Hailing a taxi via an app is not plying for hire. The Court of Appeal’s landmark judgement over a black cab group’s attempt to block Free Now finally puts to bed a contentious issue that frankly should never have got as far as it did.

Once geolocation technology became widely available on smartphones, there was no way the process of booking a private hire vehicle could ever be wound back to phone lines and offices with orange flashing lights outside.

UTAG’s assertion that an unmarked minicab is “plying for hire” just because it is driving around waiting for a job in a busy part of town is nonsense – and the judges’ scathing response said as much. “Virtual hailing” is not the same as standing with your arm out, flagging down a taxi. End of. Nothing to see here, move on.

If only such clarity of thought and judgement could be brought to other contentious issues. Hats off to Gerrards CEO Martin Cox for challenging TfL over its intransigent approach to vehicle licensing.

TfL’s insistence on zero-emissions capable vehicles being the only ones allowed for private hire use is one of the most stupid, self-defeating decisions. Almost up there with Brexit on the gun-to-foot scale of idiocy.
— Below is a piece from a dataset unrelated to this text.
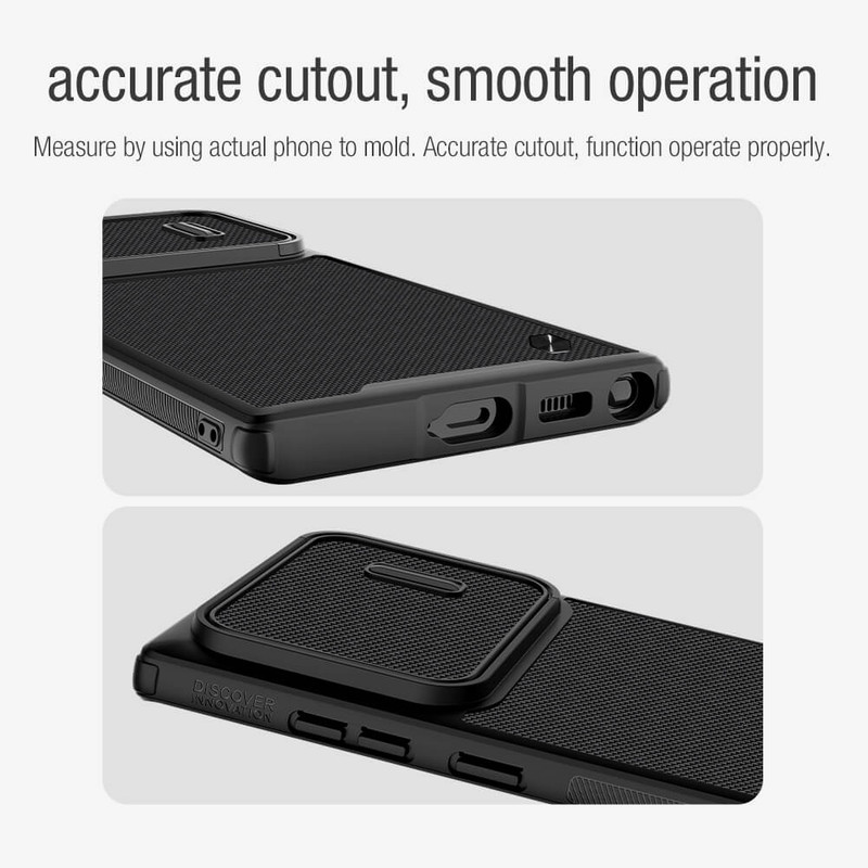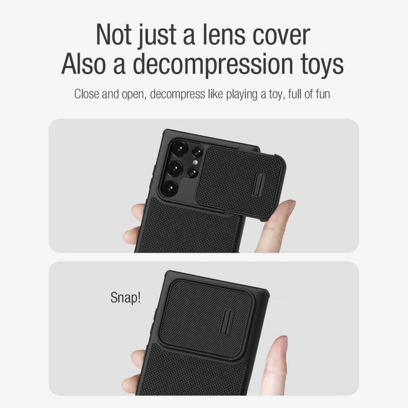 ساخت با استفاده از تکنولوژی پیشرفته، باعث شده تا قاب از برشهای دقیق برخوردار باشد، این ظرافت ساخت، دسترسی راحت به دکمهها، پورت گوشی و ... را بدون نیاز به جدا کردن قاب فراهم میکند،در قاب نیلکین گوشی سامسونگ Samsung S22 Ultra مدل Textured S از کاور کشویی روی لنزها استفاده شده که مانع آسیب دیدن آنها میشود و همزمان حریم خصوصتان را حفظ میکند، برای راحتی بیشترتان این قسمت بصورت نیمه اتوماتیک باز و بسته میشود،نگران برخورد ضربه و افتادن موبایلتان نباشید، در ساخت قاب از پلاستیک PC سخت و TPU نرم استفاده شده که ترکیب این دو متریال به خوبی در برابر ضربههایی حتی با شدت بالا هم دوام میآورد،فرآیند ساخت قاب با استفاده از فولاد کربن بالا و قالب گیری تحت فشار و دمای بالا بوده است، به همین علت، قاب از خاصیت ارتجاعی خوبی برخوردار است که باعث افزایش دوام آن تا مدتها میشود،سطح قاب نیلکین اس 22 اولترا به شکلی طراحی شده که هرگز از دستتان لیز نمیخورد،دو طرف قاب هم با افزایش اصطحکاک مانع لغزش آن میشوند،علاوه بر این قاب در تماس با اشیای نوک تیز هم هیچ آسیبی نمیبیند،این قاب فوقالعاده خوش دست و نازک طراحی شده تا ظاهر ظریف گوشی حفظ شود و حمل آن راحت باشد،همچنین ضخامت کم آن هیچ مانعی برای شارژ بیسیم گوشی ایجاد نخواهد کرد.

Yes, we all want to see cleaner vehicles. I’m sure that given the operating cost advantage, every operator would happily switch to electric – if it was possible to do so.

Ever since TfL introduced the idea of “ZEC” vehicles back in 2015, we’ve said it was a bad idea. Remember too that DfT/DoE guidelines for taxis and PHVs is Euro 4 petrol/ Euro 6 diesel. Those standards are applied in all other Clean Air Zones; it is only TfL that has gone beyond them.
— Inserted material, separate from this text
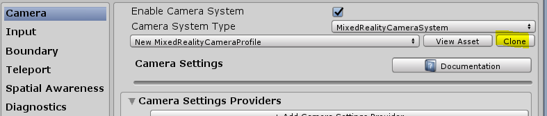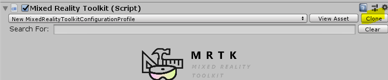 3. Select “Mixed Reality Toolkit” in your scene, go to Inspector and Clone configuration.
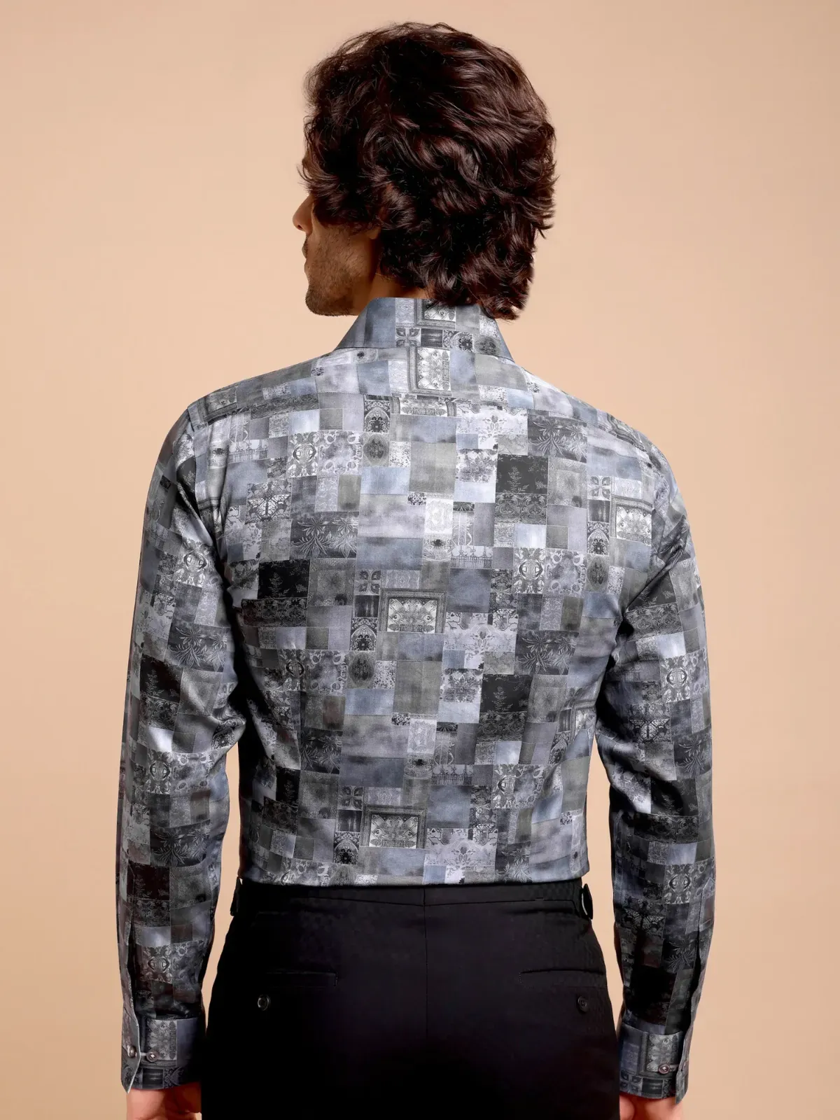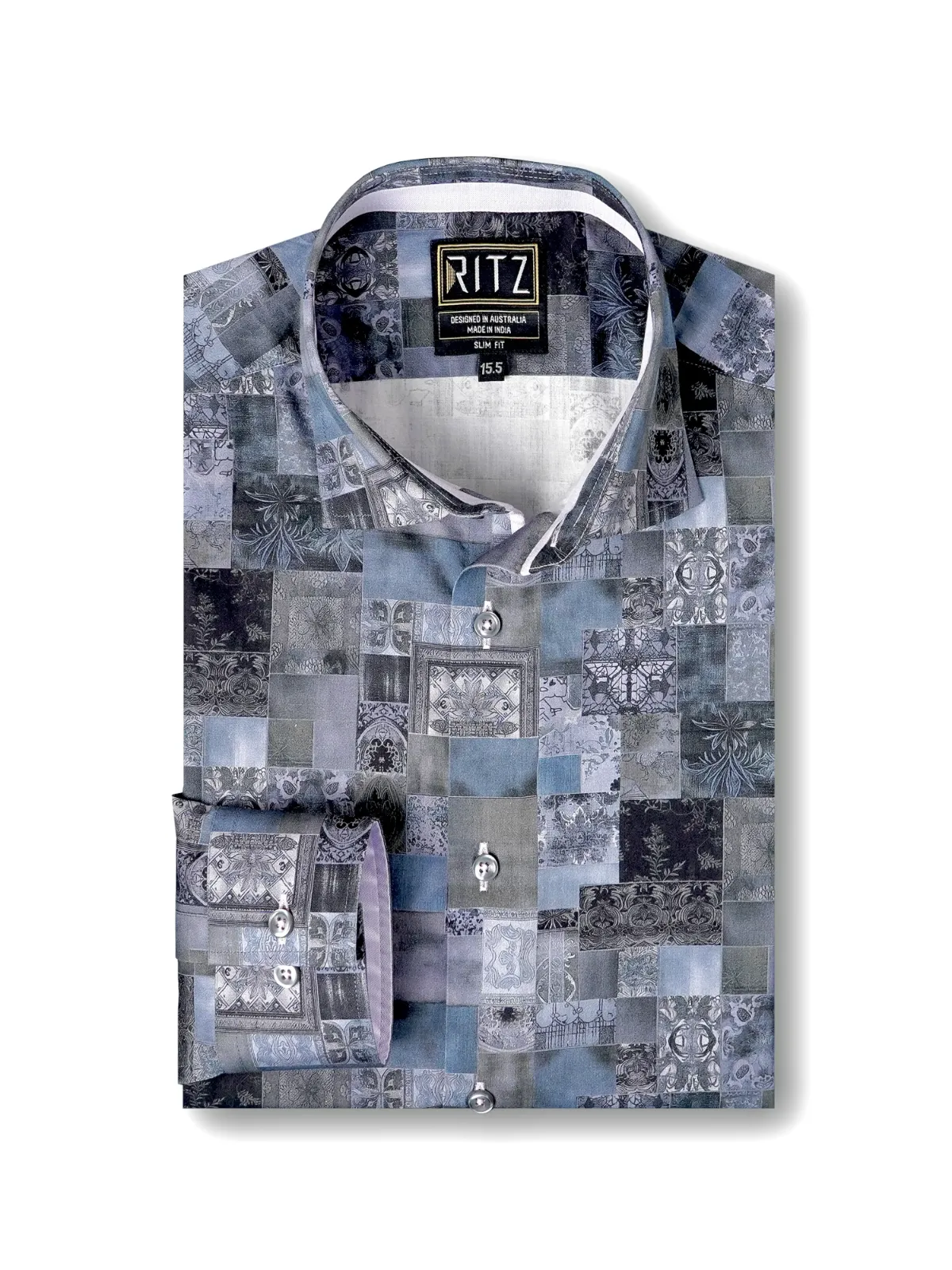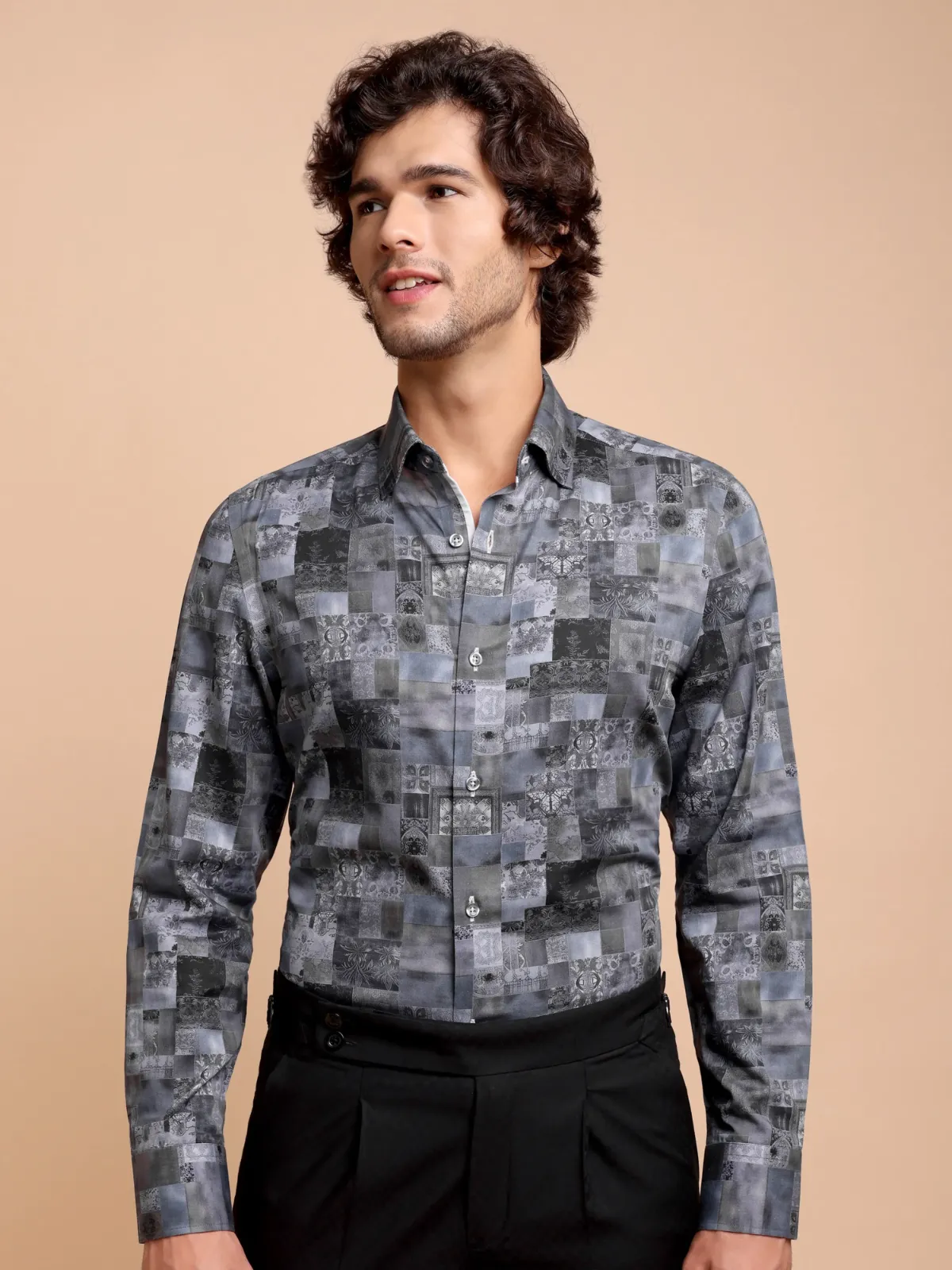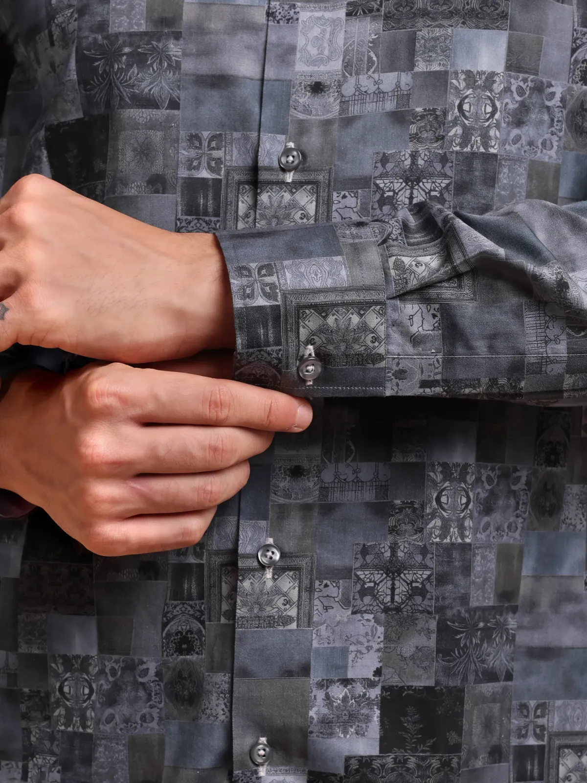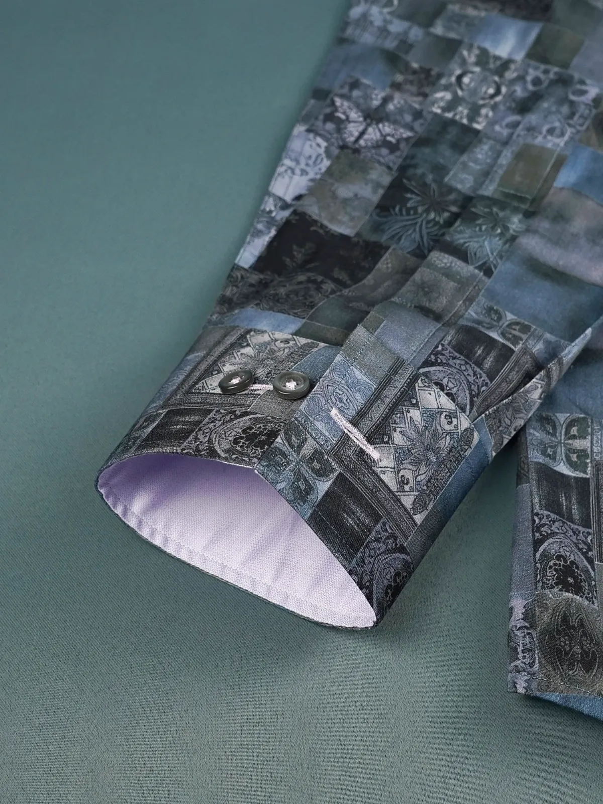 Our abstract patches shirt showcasing purple, black and blue hues, is most suitable for a workwear upgrade or weekend outings. Embellished with purple contrast details, this shirt is a true designer masterpiece.

And therein lies the problem. There are still very limited numbers of vehicles that meet the criteria. Take seven-seater chauffeur cars. The only game in town is the Mercedes-Benz EQV, an electrified V-Class. It has a range of barely 200 miles, it’s expensive and in very short supply. The supply does not meet the demand, and as a result, fleets needing vehicles are having to buy diesels. But TfL won’t let them register new diesels, so they have to buy ones that are 18 months old (bizarrely, these can be licensed still).

This means dealers are charging premium prices for secondhand V-Classes – more than the new list price of a 2020 car, in some cases.

Other operators are just hanging on to the vehicles they have. Which means TfL’s intention to clean up the fleet is having the opposite effect. Older diesels, with higher mileages and greater levels of engine wear are chugging around because there are no EVs available.

At least allowing new diesels to be licensed would bring about some improvement in air quality. Remember that if there was bountiful EQV supply, the operators would buy the cars. But there isn’t.

And even if there was, the infrastructure in London is still not up to speed. Drivers need on-street charging, and that needs to be much more extensive than the current occasional charger. It needs every lamp post to be capable of recharging overnight. But TfL can’t afford this either.

Until the ducks are in a row – vehicle availability and infrastructure – we need a temporary moratorium (Martin Cox suggests 24 months, which seems eminently sensible) on the unreasonable ZEC rule. Remember, even non-plug-in hybrids were ruled out, so demonstrably clean cars such as the Toyota Prius became unlicensable.

Sadiq Khan cannot deflect every request for a little pragmatism with dogmatic answers about children dying from pollution. Nothing TfL is doing at present is helping matters. It’s just making things worse. Get things moving again, and allow businesses to recover.

Here at Professional Driver we fully support Martin Cox’s initiative and we’ll do whatever we can to help.